Facebook, Microsoft and Apple are revealing these numbers in the wake of the revealing of the PRISM data mining program. Under that program, it has been alleged that several tech companies gave government agencies like the National Security Agency direct access to their servers.

Today’s Statement From Apple

Apple Inc. (NASDAQ:AAPL) posted its own statement on its website this morning, reiterating its earlier claim of not knowing about the PRISM program until when the media asked them about it earlier this month. Once again, the company said it doesn’t provide any government agencies with “direct access” to its servers. It also said that any agency which requests user information must present a court order to receive it.

The company then went on to say that it asked the government if it would be allowed to report the number of requests it received about national security matters and to explain how it handles them. Authorities gave Apple Inc. (NASDAQ:AAPL) the authorization to release certain details.

Government Requests For Apple

Apple Inc. (NASDAQ:AAPL) said between Dec. 1, 2012 and May 31, 2013, it received between 4,000 and 5,000 requests from law enforcement agencies within the U.S. In those requests, between 9,000 and 10,000 specific “accounts or devices” were specifically named in those requests. The company has lumped requests from state, local and federal authorities together in these numbers.

It said the most common requests came from police who were looking into robberies or other crimes, trying to find children who were missing, looking for a missing patient suffering from Alzheimer’s or trying to prevent someone from committing suicide.

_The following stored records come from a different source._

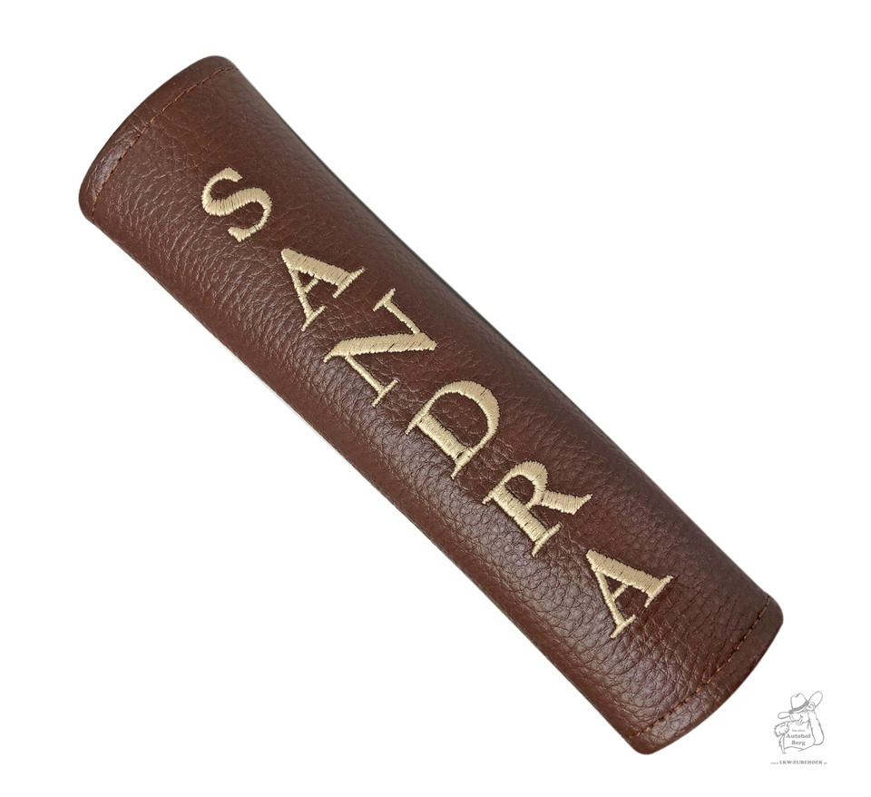 Brauner Kunstleder-Gurtschoner mit goldfarben gesticktem Namen
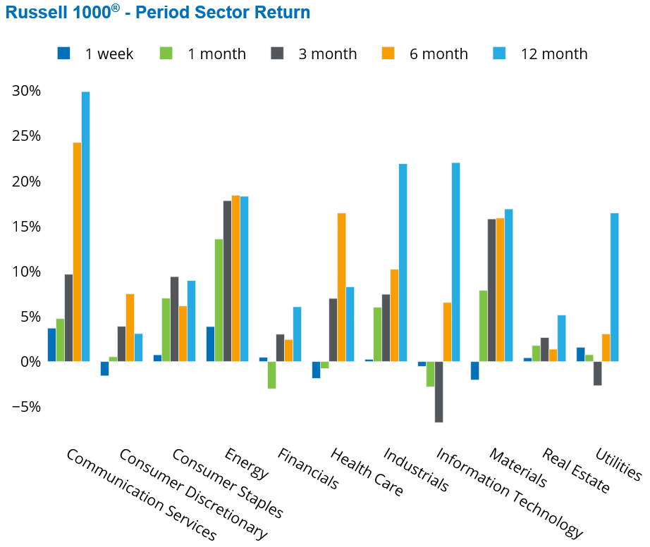 Energy has been the standout performer both last week and year to date among the Russell 1000’s 11 GICS sectors, delivering a one month return near 15%. The surge was driven by rising oil prices amid heightened geopolitical tensions surrounding Iran, unexpected supply disruptions, and bouts of severe winter weather that tightened near term availability and added a risk premium to the market. Energy outpaced the next strongest sector, Materials (9%), by five percentage points. By contrast, Financials (-2.25%) and Information Technology (-1.94%) have been the weakest US sectors so far in 2026.
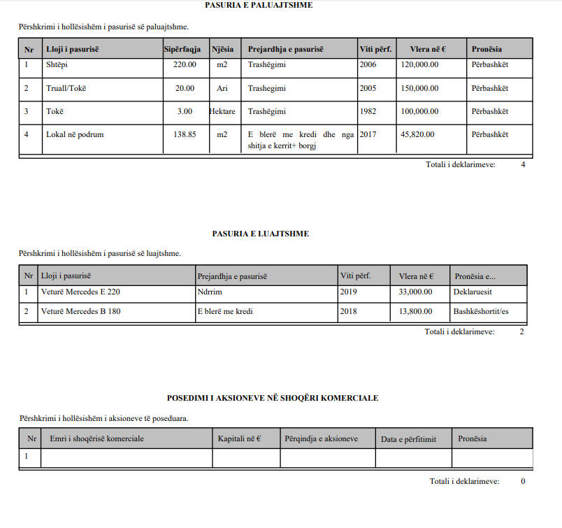 Haxhiu, po ashtu ka deklaruar se vozitë një veturë gjermane Mercedes, të tipit E Class 22o, me vlerë 33 mijë euro.
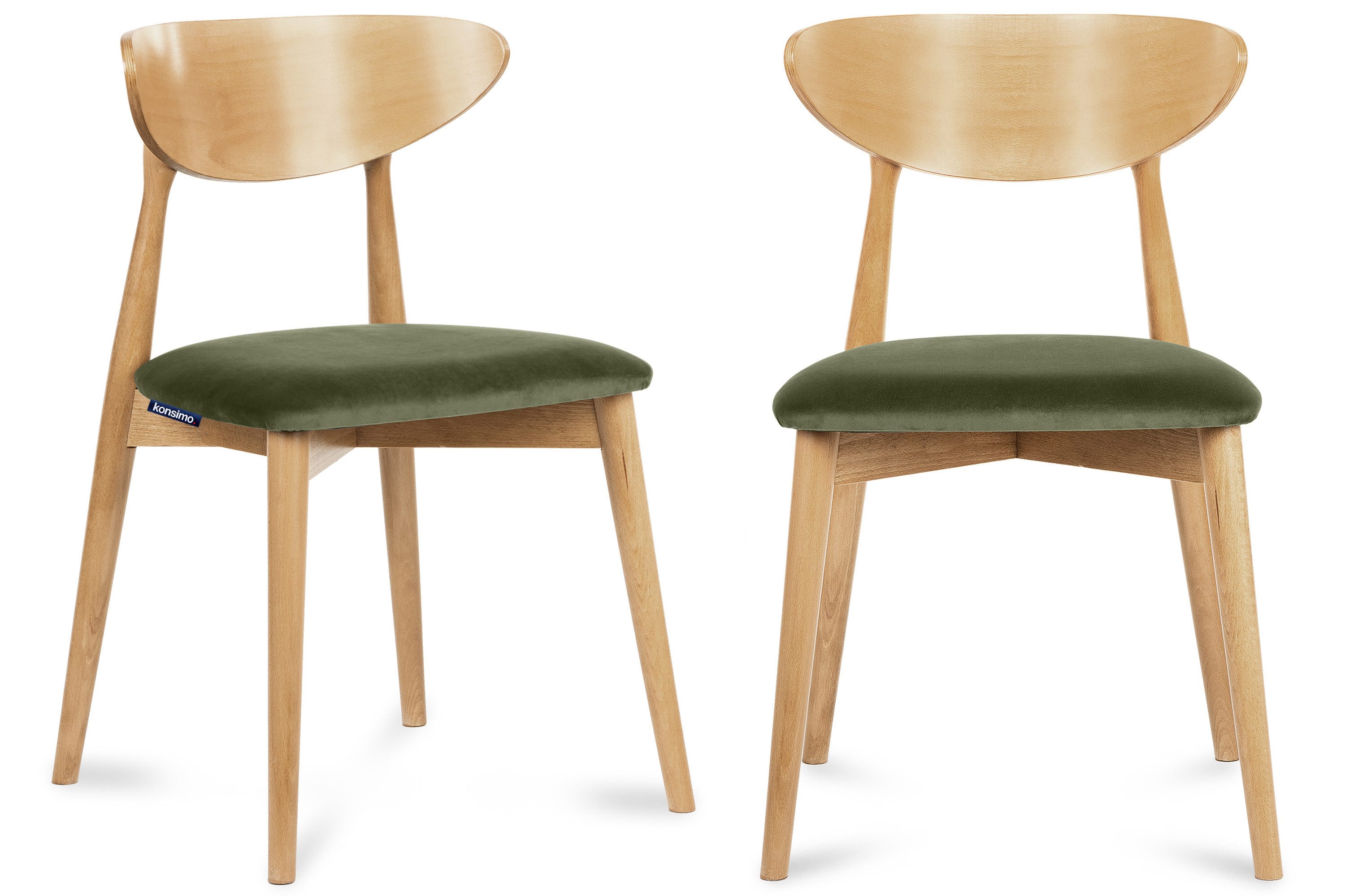 Der RABI-Stuhl ist ein Klassiker, der an den Retro-Stil anknüpft und den charakteristischen Veloursbezug harmonisch mit verschiedenen Farbtönen des Massivholzrahmens kombiniert.
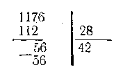 Итак, в частном четыре десятка и две единицы. МСLХХVI : XXVIII = ХLII.
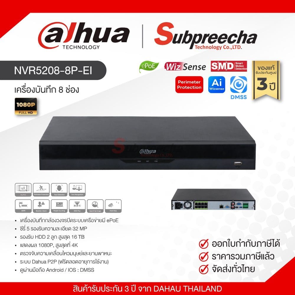 NVR5216-EI / Dahua เครื่องบันทึก NVR 16 ch (2 SATA) WizSense
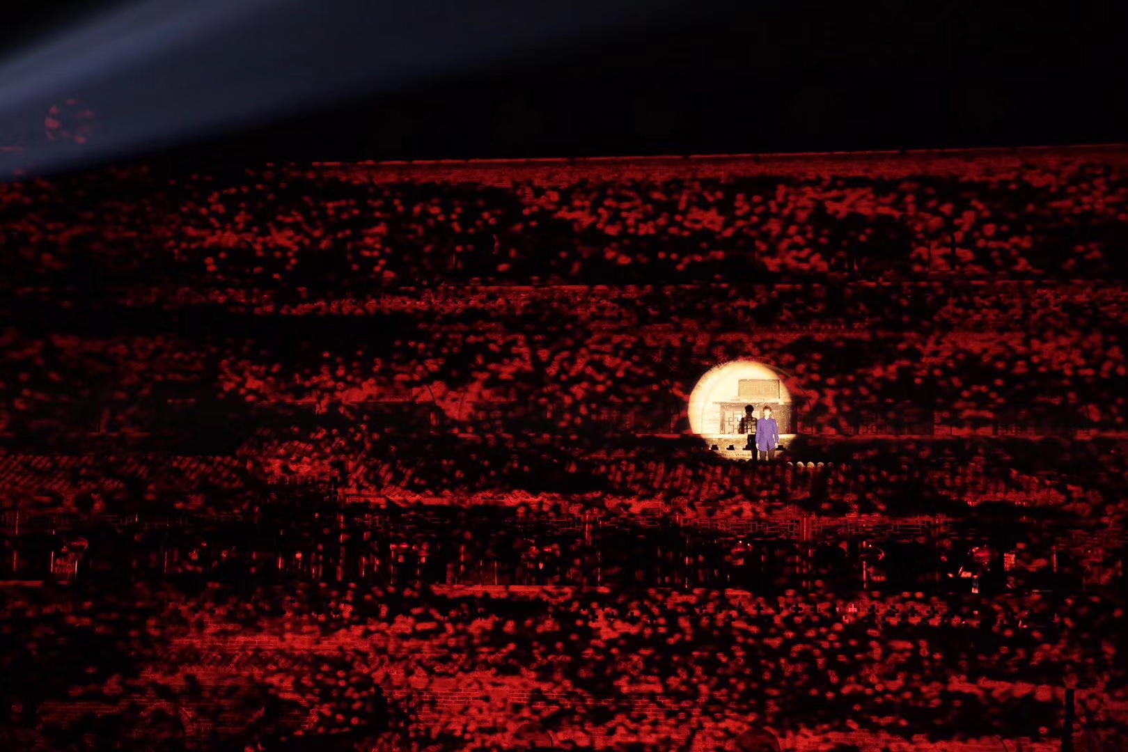 演出打破傳統(tǒng)的觀演模式,打造浸入式、行進式的實景體驗觀演,配合別致精巧的舞美、細致入微的光影、豐富多彩的復合技術(shù)以及震撼靈動的音響系統(tǒng)交織聯(lián)動,多種觀感相融合,讓觀眾忘我地融入?yún)⑴c故事之中,令人不知不覺沉醉其中,形成別具一格的沉浸式演出體驗。

How Apple Handles These Requests

Apple Inc. (NASDAQ:AAPL) said its legal team evaluates each request and does not automatically grant any of them. It hands over the least amount of information required to comply with the request from authorities. Occasionally the company has refused to fulfill a request if there were “inconsistencies or inaccuracies” within it. It also said there are “certain categories of information” it doesn’t provide to any group, including law enforcement, because the company chooses not to retain it.

Among the data which Apple Inc. (NASDAQ:AAPL) claims it keeps private from authorities is iMessage conversations and FaceTime. Both services have end-to-end encryption so that only the receiver and sender is able to view them. Apple Inc. (NASDAQ:AAPL) claims it isn’t able to decrypt the data and that it doesn’t store data referring to the location of its users, their map searches or their Siri requests “in any identifiable form.”

If you remember, it was revealed in April that Apple Inc. (NASDAQ:AAPL) stores users’ Siri questions for up to two years. However, the company claims that stored queries are not tied to the user who spoke them into the service, which on the surface, seems to link to the company’s reference in today’s statement regarding “any identifiable form.”